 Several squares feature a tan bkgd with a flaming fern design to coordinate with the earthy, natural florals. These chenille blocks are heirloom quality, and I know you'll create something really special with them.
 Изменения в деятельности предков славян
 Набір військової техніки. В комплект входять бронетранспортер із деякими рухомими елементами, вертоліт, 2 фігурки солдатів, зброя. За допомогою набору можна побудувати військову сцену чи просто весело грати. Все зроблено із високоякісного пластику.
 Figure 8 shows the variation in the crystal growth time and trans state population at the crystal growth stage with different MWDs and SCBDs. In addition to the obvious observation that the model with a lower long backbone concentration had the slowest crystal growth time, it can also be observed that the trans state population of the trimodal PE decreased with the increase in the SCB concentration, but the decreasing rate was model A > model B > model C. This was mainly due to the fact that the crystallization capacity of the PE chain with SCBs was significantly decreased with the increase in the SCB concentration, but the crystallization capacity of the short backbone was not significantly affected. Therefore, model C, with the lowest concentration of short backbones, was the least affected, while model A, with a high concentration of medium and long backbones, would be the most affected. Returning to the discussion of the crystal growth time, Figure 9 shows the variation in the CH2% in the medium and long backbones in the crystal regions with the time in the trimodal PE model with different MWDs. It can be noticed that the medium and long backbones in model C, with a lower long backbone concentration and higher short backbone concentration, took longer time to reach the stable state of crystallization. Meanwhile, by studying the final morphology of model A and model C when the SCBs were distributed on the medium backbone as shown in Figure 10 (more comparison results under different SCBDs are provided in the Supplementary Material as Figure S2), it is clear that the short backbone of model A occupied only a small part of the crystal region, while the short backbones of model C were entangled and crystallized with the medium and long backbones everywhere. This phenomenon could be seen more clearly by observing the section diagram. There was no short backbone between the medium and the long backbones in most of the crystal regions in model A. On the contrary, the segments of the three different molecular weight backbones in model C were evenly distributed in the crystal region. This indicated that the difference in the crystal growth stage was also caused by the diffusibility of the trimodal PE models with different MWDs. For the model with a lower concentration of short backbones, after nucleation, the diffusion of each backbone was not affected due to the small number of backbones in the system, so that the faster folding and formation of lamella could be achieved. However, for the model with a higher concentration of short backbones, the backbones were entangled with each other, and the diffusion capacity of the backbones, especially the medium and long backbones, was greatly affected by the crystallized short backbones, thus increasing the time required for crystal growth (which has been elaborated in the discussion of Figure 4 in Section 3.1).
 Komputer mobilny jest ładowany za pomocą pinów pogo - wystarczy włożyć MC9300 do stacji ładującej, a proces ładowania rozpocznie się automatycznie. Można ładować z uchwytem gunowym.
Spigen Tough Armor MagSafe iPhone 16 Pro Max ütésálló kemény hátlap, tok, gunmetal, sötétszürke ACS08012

....

Give the data again exactly, line for line.

 Several squares feature a tan bkgd with a flaming fern design to coordinate with the earthy, natural florals. These chenille blocks are heirloom quality, and I know you'll create something really special with them.
 Изменения в деятельности предков славян
 Набір військової техніки. В комплект входять бронетранспортер із деякими рухомими елементами, вертоліт, 2 фігурки солдатів, зброя. За допомогою набору можна побудувати військову сцену чи просто весело грати. Все зроблено із високоякісного пластику.
 Figure 8 shows the variation in the crystal growth time and trans state population at the crystal growth stage with different MWDs and SCBDs. In addition to the obvious observation that the model with a lower long backbone concentration had the slowest crystal growth time, it can also be observed that the trans state population of the trimodal PE decreased with the increase in the SCB concentration, but the decreasing rate was model A > model B > model C. This was mainly due to the fact that the crystallization capacity of the PE chain with SCBs was significantly decreased with the increase in the SCB concentration, but the crystallization capacity of the short backbone was not significantly affected. Therefore, model C, with the lowest concentration of short backbones, was the least affected, while model A, with a high concentration of medium and long backbones, would be the most affected. Returning to the discussion of the crystal growth time, Figure 9 shows the variation in the CH2% in the medium and long backbones in the crystal regions with the time in the trimodal PE model with different MWDs. It can be noticed that the medium and long backbones in model C, with a lower long backbone concentration and higher short backbone concentration, took longer time to reach the stable state of crystallization. Meanwhile, by studying the final morphology of model A and model C when the SCBs were distributed on the medium backbone as shown in Figure 10 (more comparison results under different SCBDs are provided in the Supplementary Material as Figure S2), it is clear that the short backbone of model A occupied only a small part of the crystal region, while the short backbones of model C were entangled and crystallized with the medium and long backbones everywhere. This phenomenon could be seen more clearly by observing the section diagram. There was no short backbone between the medium and the long backbones in most of the crystal regions in model A. On the contrary, the segments of the three different molecular weight backbones in model C were evenly distributed in the crystal region. This indicated that the difference in the crystal growth stage was also caused by the diffusibility of the trimodal PE models with different MWDs. For the model with a lower concentration of short backbones, after nucleation, the diffusion of each backbone was not affected due to the small number of backbones in the system, so that the faster folding and formation of lamella could be achieved. However, for the model with a higher concentration of short backbones, the backbones were entangled with each other, and the diffusion capacity of the backbones, especially the medium and long backbones, was greatly affected by the crystallized short backbones, thus increasing the time required for crystal growth (which has been elaborated in the discussion of Figure 4 in Section 3.1).
 Komputer mobilny jest ładowany za pomocą pinów pogo - wystarczy włożyć MC9300 do stacji ładującej, a proces ładowania rozpocznie się automatycznie. Można ładować z uchwytem gunowym.
Spigen Tough Armor MagSafe iPhone 16 Pro Max ütésálló kemény hátlap, tok, gunmetal, sötétszürke ACS08012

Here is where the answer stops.